A person becomes “illegal” before being seen as human.
That pattern is dangerous in any democracy. It weakens the rule of law. It invites abuse. It also allows governments to avoid harder questions about unemployment, corruption, inequality, and failing public systems.
Ruto’s visa-free vision faces reality.
The crisis comes as some African leaders push for easier movement across the continent.
Kenyan President William Ruto has been one of the loudest voices. In 2023, Reuters reported that visitors to Kenya from around the world would no longer need visas starting in January 2024. Kenya would use an electronic travel authorization system instead.
Ruto has not abolished borders. But he has championed easier movement and a visa-free Africa.
That vision supports the African Union’s long-standing goal of freer movement. It also supports the African Continental Free Trade Area. Goods cannot move freely if people cannot. Businesses cannot grow across borders if traders, workers, and students are treated as threats.
South Africa’s crisis shows how far Africa remains from that dream.

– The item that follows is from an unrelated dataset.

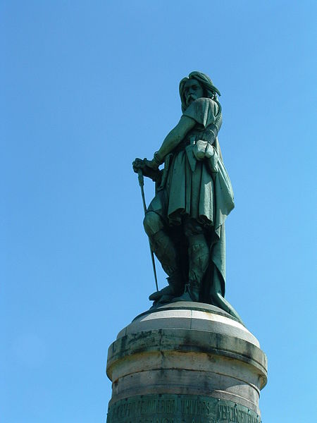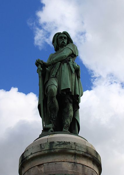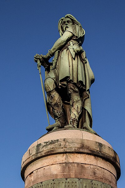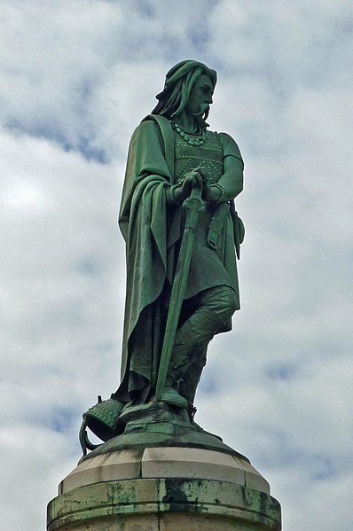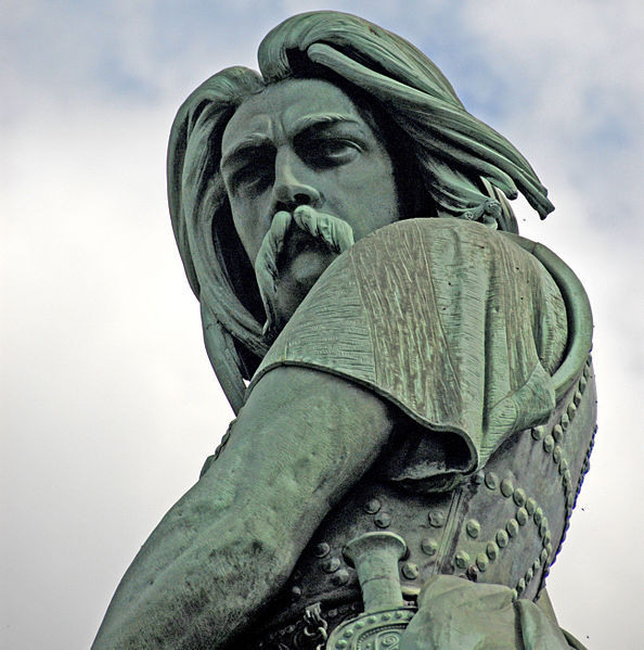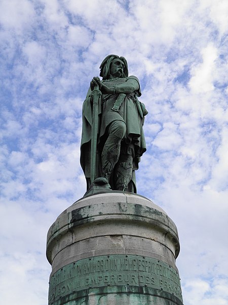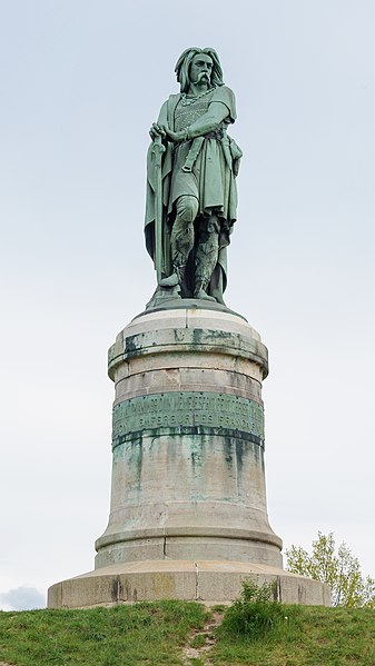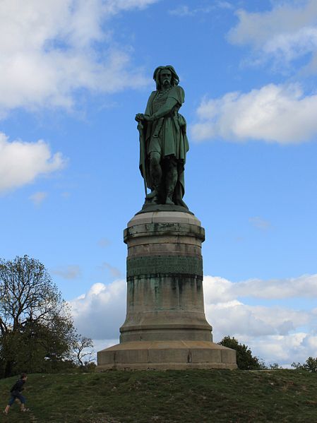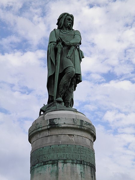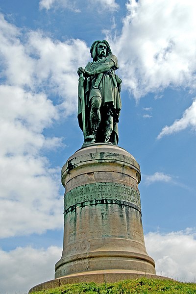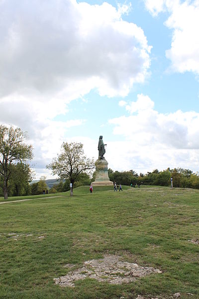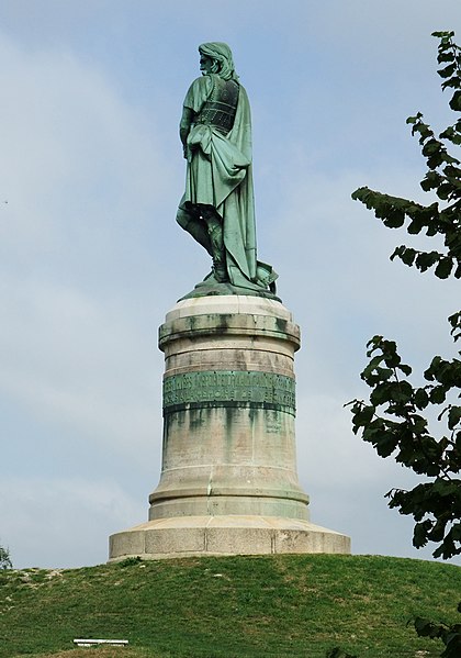 Le Monument de Vercingétorix, œuvre du sculpteur Aimé Millet, domine depuis 1865 le village d'Alise‑Sainte‑Reine, sur le mont Auxois, site de l'oppidum d'Alésia. La statue fut érigée en août 1865, financée par Napoléon III, mais elle ne fut jamais inaugurée. Construite à Paris et exposée au Salon de 1865 au palais de l'Industrie, elle fut transportée et installée le 27 août 1865 à l'extrémité ouest du mont Auxois, dominant le champ de bataille. L'ensemble associe une statue en tôle de cuivre battue et repoussée, rivetée sur une charpente métallique, haute de 6,60 m et d'environ cinq tonnes, à un piédestal de 7 mètres en granit de Saulieu et pierre de Pouillenay dessiné par Eugène Viollet‑le‑Duc. Un bandeau de bronze porte la devise « La Gaule unie, formant une seule nation, animée d'un même esprit, peut défier l'univers », variation d'un passage rapporté par Jules César dans De Bello Gallico (VII, 29) et marquée par le vocabulaire national du XIXe siècle ; en dessous figure l'inscription « Napoléon III, empereur des Français, à la mémoire de Vercingétorix ». La statue est creuse et son mode de fabrication la rapproche, par principe, de la statue de la Liberté. Vercingétorix y est représenté dans un style romantique, archétype de l'image du Gaulois au XIXe siècle : moustaches tombantes, longs cheveux hirsutes, attitude morne et traits évoquant Napoléon III, ainsi qu'un collier de perles. La parure et les armes présentent de nombreux anachronismes : les bandelettes entourant les braies appartiennent aux débuts du Moyen Âge, la cuirasse et l'épée s'inspirent de modèles de l'âge du Bronze, antérieurs de plusieurs siècles à l'époque de Vercingétorix, et le collier relève de la fantaisie. Dès sa création, le monument a suscité critiques et éloges : certains commentateurs estimaient que Millet n'avait pas su saisir poétiquement la figure, tandis que d'autres, comme Théophile Gautier, saluaient la grandeur et la netteté des profils, adaptés à une vision de loin. Admirateur de Jules César, Napoléon III soutint la redécouverte et la mise en valeur de l'histoire gauloise, fit entreprendre d'importantes fouilles pour retrouver le site d'Alésia et fit ériger cette statue qui reflète aussi ses ambitions politiques. La rumeur selon laquelle la statue aurait été financée sur ses fonds personnels est infondée : un arrêté du 2 juillet 1862 précise que les frais du piédestal et de la statue seraient imputés au crédit des ouvrages d'art et décorations d'édifices publics. Après la défaite de 1871, Vercingétorix devint une figure nationale mobilisée dans le sentiment de revanche contre l'Allemagne, renforçant la portée symbolique du monument et faisant taire une partie des critiques. Le projet allemand du Hermannsdenkmal, commencé en 1841 et achevé en 1875, a sans doute inspiré Millet et Napoléon III, le mythe d'Arminius engendrant en réaction celui de Vercingétorix. L'ensemble monumental a été classé au titre des monuments historiques par arrêté du 17 janvier 2014. D'autres hommages à Vercingétorix existent, notamment la statue de François Mouly (1887) à Gien en fonte de la fonderie de Tusey, la statue de Frédéric Auguste Bartholdi (1903) à Clermont‑Ferrand et le monument de Gergovie (1900) par Jean Teillard.

African unity under pressure
The irony is hard to ignore.
South Africa’s freedom struggle received support from African nations during apartheid. Many countries sheltered South African exiles. Others backed liberation movements and paid diplomatic costs.
Today, citizens from some of those same countries are being told they do not belong.
That history does not erase South Africa’s right to enforce immigration laws. Every country has that right. But enforcement must follow the law.
It must target violations, not nationalities. It must protect human rights, even under public pressure.
For Africa, the stakes go beyond South Africa.
The continent cannot build unity while Africans are attacked for crossing colonial borders. It cannot build free trade while traders, workers, and students are treated as threats. It cannot speak of Pan-Africanism while African migrants live in fear.
Africa’s unity project will not be judged by speeches alone. It will be judged by whether a Ghanaian trader, a Nigerian student, a Zimbabwean worker, a Kenyan professional, or a Congolese asylum-seeker can live safely in another African country.
South Africa’s Afrophobic violence is forcing the continent to confront a painful contradiction.
Africa says it wants unity. But too many Africans are still being treated as outsiders by other Africans.